2. Obstruction - Determine that the main drain and the skimmer throat are free of leaves, debris, and other obstructions. Next, confirm the basket within the strainer pot has been cleared of any debris.

3. Secure the Lid - Confirm the lid to the strainer pot has been securely shut. If the pump continues to fail to prime after all the above has been fulfilled, it is recommended you call your pool service technician to further investigate if there are any small leaks in the O-rings or cracks in the pot or lid and repair or replace them.


Occasionally when your pump won’t start, you will find the circuit breaker tripped or in the off position. Often times the solution is as simple as resetting the breaker, and away you go. If resetting the breaker doesn’t rectify the problem, or the breaker immediately trips, then you have another issue that needs to be addressed.

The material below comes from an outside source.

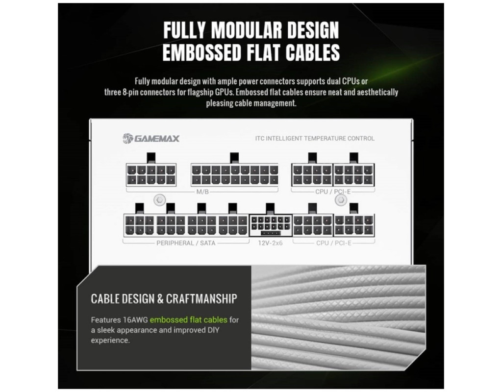 | Блок живлення Gamemax 750W (GX PRO 750G WH) — це високоякісний компонент для тих, хто цінує надійність та ефективність у своєму комп'ютері. Цей блок живлення, розроблений для сучасних систем, відповідає стандарту ATX і пропонує вражаючу потужність в 750 Вт, що робить його ідеальним вибором як для звичайних користувачів, так і для ентузіастів. Однією з ключових переваг цієї моделі є сертифікація 80 PLUS Gold, яка забезпечує до 90% енергоефективності при типових навантаженнях. Це означає, що ваш комп'ютер не лише споживатиме менше енергії, але й генеруватиме менше тепла, що особливо важливо для збереження стабільності системи під час інтенсивних завдань. Завдяки конструкції APFC+LLC+DC-DC, Gamemax мінімізує втрати енергії, що додатково сприяє економії ваших витрат на електроенергію. Особлива увага приділена якості компонентів, що використовуються у виробництві цього блоку живлення. Використання японських конденсаторів та твердотільних конденсаторів гарантує довговічність та стабільну продуктивність протягом усього терміну служби. Це чудовий вибір для тих, хто розраховує на більшу тривалість роботи без збоїв. Блок живлення Gamemax 750W також готовий до ATX3.1 та PCIe5.1, що означає, що він сумісний з найсучаснішими відеокартами, включаючи серії RTX 40/50. Інтегрований роз'єм 12V-2x6 забезпечує безперебійне живлення, що є вирішальним для ігрових систем та систем, які виконують важкі обчислення. Для забезпечення оптимальної роботи системи охолодження блок живлення оснащений інтелектуальним 135 мм вентилятором FDB з інтелектуальним контролем температури. Це забезпечує тихе охолодження та відмінне розсіювання тепла, що є критичним під час виконання ресурсомістких завдань. Вентилятор працює практично безшумно, забезпечуючи комфортну роботу навіть під великим навантаженням. Gamemax GX PRO 750G WH також має напівмодульну конструкцію підключення кабелів (Semi), що надає можливість зручно організувати робочий простір в корпусі комп'ютера. Це дозволяє уникати безладу кабелів та поліпшує циркуляцію повітря для кращого охолодження внутрішніх компонентів. Захисні функції блоку живлення вражають своєю різноманітністю. Вони охоплюють SIP (захист від стрибків струму та напруги), OCP (захист від перевантаження по струму), OPP (захист від перевантаження по сумарній потужності), SCP (захист від короткого замикання), OVP (захист від перевищення напруги), OTP (захист від перегріву) та OLP (захист від перевантажень). Цей комплекс захисних механізмів гарантує безперебійну та безпечну роботу вашої системи, навіть у разі непередбачуваних змін електромережі. Завдяки своїм характеристикам та дизайну, блок живлення Gamemax 750W (GX PRO 750G WH) є ідеальним вибором для тих, хто шукає надійний та потужний компонент для своєї системи. Він гарантовано забезпечить високу продуктивність та стабільну роботу, відповідаючи найвищим стандартам якості та сучасним вимогам користувачів. Це інвестиція у продуктивність вашого ПК на довгі роки вперед. |

In single-speed pumps, the most common cause for a failure to start is a bad start capacitor. With computer-driven variable-speed pumps, the issue can be more complex. Very often, there is an automation programming error that is interrupting the operation of the pump, a damaged communication cable, or a drive unit failure resulting in a no-start condition. In any case, failures of this nature need to be called to your pool professional for repair.


If this happens, it is most likely the result of a seized motor drive shaft bearing or a failed start/run capacitor. Seized motor bearings can cause the motor to overheat and, in some cases, even catch fire. The best practice is to turn the circuit breaker to the pump off and call your pool equipment professional.


Aside from the possibilities covered above, a circuit breaker can be tripped by a loose wire connection, bad ground, water intrusion, electrical interference from other pieces of equipment, or a number of other causes. Occasionally a breaker is simply defective and needs to be replaced. In any case, it is recommended that a service technician is hired as dealing with live wires could be of serious concern, especially when dealing with water.


Corroded motor bearings, a damaged impeller, diffuser, drive shaft, or cooling fan are all possibilities for a pump exhibiting excessive noise or vibration. Any and all of these potential problems should be addressed by a qualified technician.

Although there are a lot of factors in ensuring the proper hygiene of your pool equipment, when something malfunctions, you can be empowered by learning what to look for, and, most importantly, by recognizing when a DIY method is not a recommended approach. A licensed and experienced service technician is always the correct choice if and when you are unsure of how to approach a mechanical problem. I have personally seen many pool owners step over a dollar to pick up a dime in attempting DIY repairs that end up costing them more in the end. Naturally, these systems have a domino effect with the potential to result in damage down the pipeline if done incorrectly. It can save you money (or pay, depending on how you look at it) to have someone who can guarantee their work be the ones to touch your equipment last.